→ **DATA**
== Segment start ==
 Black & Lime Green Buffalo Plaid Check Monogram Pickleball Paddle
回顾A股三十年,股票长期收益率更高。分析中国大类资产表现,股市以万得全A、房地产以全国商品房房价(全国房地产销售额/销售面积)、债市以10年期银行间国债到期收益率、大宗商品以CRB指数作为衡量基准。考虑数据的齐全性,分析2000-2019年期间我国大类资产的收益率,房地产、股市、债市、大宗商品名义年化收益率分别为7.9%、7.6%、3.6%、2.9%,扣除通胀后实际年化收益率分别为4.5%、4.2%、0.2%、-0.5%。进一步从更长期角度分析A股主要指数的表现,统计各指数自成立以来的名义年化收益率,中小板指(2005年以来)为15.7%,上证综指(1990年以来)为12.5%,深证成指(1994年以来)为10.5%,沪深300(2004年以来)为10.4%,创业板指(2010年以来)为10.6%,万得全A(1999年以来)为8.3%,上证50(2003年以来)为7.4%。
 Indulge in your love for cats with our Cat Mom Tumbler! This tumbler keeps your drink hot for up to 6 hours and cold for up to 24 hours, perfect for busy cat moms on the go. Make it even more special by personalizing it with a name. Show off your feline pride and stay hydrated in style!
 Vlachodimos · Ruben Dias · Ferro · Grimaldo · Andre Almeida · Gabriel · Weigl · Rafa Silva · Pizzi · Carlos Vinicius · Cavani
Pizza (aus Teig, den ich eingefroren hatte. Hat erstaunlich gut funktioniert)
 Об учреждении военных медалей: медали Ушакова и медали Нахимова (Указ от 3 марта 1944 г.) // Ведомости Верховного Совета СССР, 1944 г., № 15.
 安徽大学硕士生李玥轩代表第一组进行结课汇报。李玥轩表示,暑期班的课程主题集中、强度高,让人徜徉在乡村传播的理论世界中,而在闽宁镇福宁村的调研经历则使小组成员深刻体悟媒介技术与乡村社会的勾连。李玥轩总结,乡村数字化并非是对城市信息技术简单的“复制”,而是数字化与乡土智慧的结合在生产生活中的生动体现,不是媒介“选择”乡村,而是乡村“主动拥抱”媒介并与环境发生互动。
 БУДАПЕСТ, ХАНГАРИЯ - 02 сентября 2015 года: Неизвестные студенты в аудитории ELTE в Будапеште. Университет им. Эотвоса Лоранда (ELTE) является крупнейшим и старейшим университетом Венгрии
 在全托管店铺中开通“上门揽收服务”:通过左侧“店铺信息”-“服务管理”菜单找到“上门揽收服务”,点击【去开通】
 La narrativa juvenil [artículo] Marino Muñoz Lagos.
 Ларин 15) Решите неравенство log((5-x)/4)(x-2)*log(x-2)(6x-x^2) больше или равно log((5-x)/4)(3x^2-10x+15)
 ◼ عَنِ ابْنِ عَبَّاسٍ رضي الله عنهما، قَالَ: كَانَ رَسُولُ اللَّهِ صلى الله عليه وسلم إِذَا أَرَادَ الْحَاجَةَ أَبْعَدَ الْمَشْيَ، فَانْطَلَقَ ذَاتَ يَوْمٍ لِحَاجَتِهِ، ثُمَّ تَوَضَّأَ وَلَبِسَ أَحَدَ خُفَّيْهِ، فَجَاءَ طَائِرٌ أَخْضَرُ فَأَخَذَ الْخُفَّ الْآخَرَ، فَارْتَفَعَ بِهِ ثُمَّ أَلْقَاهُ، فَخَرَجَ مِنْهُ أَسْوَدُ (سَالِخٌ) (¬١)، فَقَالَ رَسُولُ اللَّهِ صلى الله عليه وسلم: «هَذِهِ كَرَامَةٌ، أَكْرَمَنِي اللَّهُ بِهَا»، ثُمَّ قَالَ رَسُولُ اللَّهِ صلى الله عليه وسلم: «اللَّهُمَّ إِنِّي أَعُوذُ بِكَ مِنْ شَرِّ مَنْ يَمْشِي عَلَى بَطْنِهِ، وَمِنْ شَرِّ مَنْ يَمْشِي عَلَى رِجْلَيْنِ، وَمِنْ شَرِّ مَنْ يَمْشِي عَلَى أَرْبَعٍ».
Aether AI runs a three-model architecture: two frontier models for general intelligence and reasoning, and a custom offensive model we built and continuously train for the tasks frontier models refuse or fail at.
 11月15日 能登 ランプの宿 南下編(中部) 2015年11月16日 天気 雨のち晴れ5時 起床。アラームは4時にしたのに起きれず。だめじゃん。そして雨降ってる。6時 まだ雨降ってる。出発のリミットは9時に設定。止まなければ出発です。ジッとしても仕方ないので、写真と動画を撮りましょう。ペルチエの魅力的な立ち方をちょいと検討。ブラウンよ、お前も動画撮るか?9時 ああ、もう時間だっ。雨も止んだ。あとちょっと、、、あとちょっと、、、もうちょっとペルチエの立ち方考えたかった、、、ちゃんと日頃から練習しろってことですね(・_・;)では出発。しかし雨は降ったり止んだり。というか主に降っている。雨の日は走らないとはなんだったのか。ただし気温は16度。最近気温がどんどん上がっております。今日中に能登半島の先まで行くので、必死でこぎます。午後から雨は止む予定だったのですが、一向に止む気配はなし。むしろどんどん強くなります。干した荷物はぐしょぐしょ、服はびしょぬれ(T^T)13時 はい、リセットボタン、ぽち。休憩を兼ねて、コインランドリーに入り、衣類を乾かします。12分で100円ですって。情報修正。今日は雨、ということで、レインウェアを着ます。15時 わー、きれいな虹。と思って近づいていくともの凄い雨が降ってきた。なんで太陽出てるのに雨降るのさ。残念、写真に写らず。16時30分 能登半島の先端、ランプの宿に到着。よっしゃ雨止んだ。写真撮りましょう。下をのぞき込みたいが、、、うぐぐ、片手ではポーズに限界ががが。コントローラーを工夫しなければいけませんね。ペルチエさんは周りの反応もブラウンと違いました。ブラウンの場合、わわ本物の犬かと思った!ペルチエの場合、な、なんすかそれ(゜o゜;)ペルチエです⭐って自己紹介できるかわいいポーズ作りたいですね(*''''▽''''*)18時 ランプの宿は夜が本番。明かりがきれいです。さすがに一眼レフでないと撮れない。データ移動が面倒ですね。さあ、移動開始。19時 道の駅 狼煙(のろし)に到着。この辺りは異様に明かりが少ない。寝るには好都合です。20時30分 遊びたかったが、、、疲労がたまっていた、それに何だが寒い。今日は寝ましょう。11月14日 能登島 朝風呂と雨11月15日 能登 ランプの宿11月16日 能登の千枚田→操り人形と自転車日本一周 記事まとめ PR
== Segment end ==
→ **ASSIGNED TASK**
From the records above, print only the lines between the one holding "回顾A股三十年,股票长期收益" and the one holding "Ларин 15) Решите", inclusive, exactly as they stand.

→ **EXERCISE RESULT**
回顾A股三十年,股票长期收益率更高。分析中国大类资产表现,股市以万得全A、房地产以全国商品房房价(全国房地产销售额/销售面积)、债市以10年期银行间国债到期收益率、大宗商品以CRB指数作为衡量基准。考虑数据的齐全性,分析2000-2019年期间我国大类资产的收益率,房地产、股市、债市、大宗商品名义年化收益率分别为7.9%、7.6%、3.6%、2.9%,扣除通胀后实际年化收益率分别为4.5%、4.2%、0.2%、-0.5%。进一步从更长期角度分析A股主要指数的表现,统计各指数自成立以来的名义年化收益率,中小板指(2005年以来)为15.7%,上证综指(1990年以来)为12.5%,深证成指(1994年以来)为10.5%,沪深300(2004年以来)为10.4%,创业板指(2010年以来)为10.6%,万得全A(1999年以来)为8.3%,上证50(2003年以来)为7.4%。
 Indulge in your love for cats with our Cat Mom Tumbler! This tumbler keeps your drink hot for up to 6 hours and cold for up to 24 hours, perfect for busy cat moms on the go. Make it even more special by personalizing it with a name. Show off your feline pride and stay hydrated in style!
 Vlachodimos · Ruben Dias · Ferro · Grimaldo · Andre Almeida · Gabriel · Weigl · Rafa Silva · Pizzi · Carlos Vinicius · Cavani
Pizza (aus Teig, den ich eingefroren hatte. Hat erstaunlich gut funktioniert)
 Об учреждении военных медалей: медали Ушакова и медали Нахимова (Указ от 3 марта 1944 г.) // Ведомости Верховного Совета СССР, 1944 г., № 15.
 安徽大学硕士生李玥轩代表第一组进行结课汇报。李玥轩表示,暑期班的课程主题集中、强度高,让人徜徉在乡村传播的理论世界中,而在闽宁镇福宁村的调研经历则使小组成员深刻体悟媒介技术与乡村社会的勾连。李玥轩总结,乡村数字化并非是对城市信息技术简单的“复制”,而是数字化与乡土智慧的结合在生产生活中的生动体现,不是媒介“选择”乡村,而是乡村“主动拥抱”媒介并与环境发生互动。
 БУДАПЕСТ, ХАНГАРИЯ - 02 сентября 2015 года: Неизвестные студенты в аудитории ELTE в Будапеште. Университет им. Эотвоса Лоранда (ELTE) является крупнейшим и старейшим университетом Венгрии
 在全托管店铺中开通“上门揽收服务”:通过左侧“店铺信息”-“服务管理”菜单找到“上门揽收服务”,点击【去开通】
 La narrativa juvenil [artículo] Marino Muñoz Lagos.
 Ларин 15) Решите неравенство log((5-x)/4)(x-2)*log(x-2)(6x-x^2) больше или равно log((5-x)/4)(3x^2-10x+15)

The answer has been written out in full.